Graceful degradation: If Qdrant goes down, reads fall back to SQLite fulltext. If the embedding API is unavailable, the server enters degraded mode instead of crashing.
Structured logging: JSON logs with automatic token and content redaction.

Getting Started in 5 Minutes

1. Start Qdrant

docker run -d --name qdrant -p 6333:6333 qdrant/qdrant

2. Install BHGBrain

git clone https://github.com/Big-Hat-Group-Inc/BHGBrain.git
cd BHGBrain && npm install && npm run build

3. Configure Your Agent

For Claude Desktop, add to claude_desktop_config.json:

{
  "mcpServers": {
    "bhgbrain": {
      "command": "node",
      "args": ["/path/to/BHGBrain/dist/index.js"],
      "env": { "OPENAI_API_KEY": "sk-..." }
    }
  }
}

For HTTP clients (OpenClaw, mcporter, remote agents):

{
  "mcpServers": {
    "bhgbrain": {
      "transport": "http",
      "url": "http://127.0.0.1:3721",
      "headers": { "Authorization": "Bearer YOUR_TOKEN" }
    }
  }
}

4. Start Remembering

Ask your agent to remember something:

“Remember: our API uses kebab-case routes, returns RFC 7807 problem details, and all endpoints require Bearer token authentication.”

BHGBrain stores it, classifies it as semantic, tags it appropriately, and makes it available to every connected agent via recall.

5. Bootstrap Your Brain

Run the included bootstrap interview to build a comprehensive work profile:

# Paste the contents of BootstrapPrompt.txt into a fresh AI conversation
# The agent will interview you across 10 sections and produce a structured profile

CLI for Power Users

BHGBrain includes a full CLI for direct management:

bhgbrain search "authentication patterns" --mode hybrid
bhgbrain list --limit 20
bhgbrain category set "Coding Standards" --file ./standards.md
bhgbrain stats
bhgbrain gc --consolidate    # Merge similar memories, flag stale ones
bhgbrain backup create

When to Use BHGBrain vs.

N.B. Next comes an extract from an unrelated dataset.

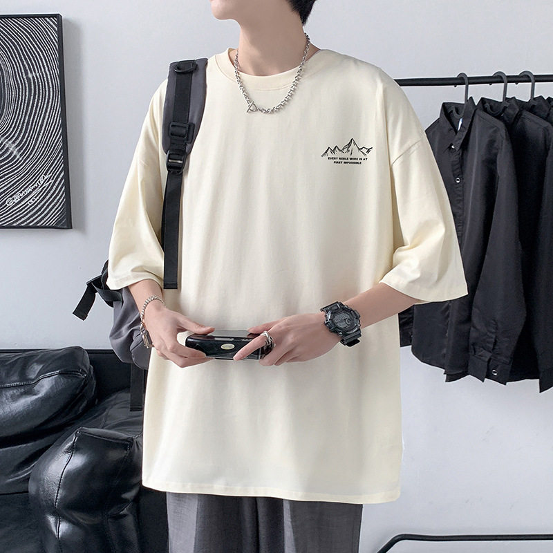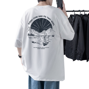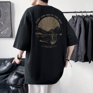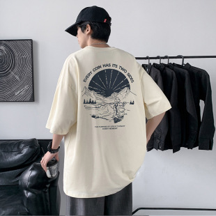 男式 新款 短袖 上韩版 体恤 T恤纯棉圆领印花潮牌男装 220克宽松大码

MEMORY.md

	MEMORY.md	BHGBrain
Scale	~100 memories before context bloat	500,000+ memories
Search	Full file loaded every session	Semantic retrieval of relevant subset
Multi-agent	Per-agent, per-workspace	Shared across all MCP clients
Deduplication	Manual	Automatic (hash + cosine similarity)
Types	Flat text	Episodic, semantic, procedural
Audit	None	Full audit log
Backup	Git	Dedicated backup/restore with integrity checks

MEMORY.md is fine for a single agent on a single project with a handful of notes. BHGBrain is for teams, multi-agent workflows, and anyone whose AI memory needs have outgrown a text file.

What’s Next

BHGBrain v1 focuses on getting the core right: reliable storage, smart deduplication, hybrid search, and multi-client access. The roadmap includes:

Multi-user RBAC — team-level access control
Encryption at rest — for regulated environments
Cloud sync — optional synchronization across machines
Working memory TTL — short-lived scratch memories that auto-expire

Try It

BHGBrain is open source under the MIT license.

GitHub: github.com/Big-Hat-Group-Inc/BHGBrain

If your AI agents keep forgetting what you told them yesterday, give them a brain that lasts.

Kevin Kaminski is the founder of Big Hat Group, where we build tools and consulting practices around enterprise AI, Windows 365, and cloud infrastructure. BHGBrain grew out of our own frustration with agent amnesia across the multi-agent workflows we run daily.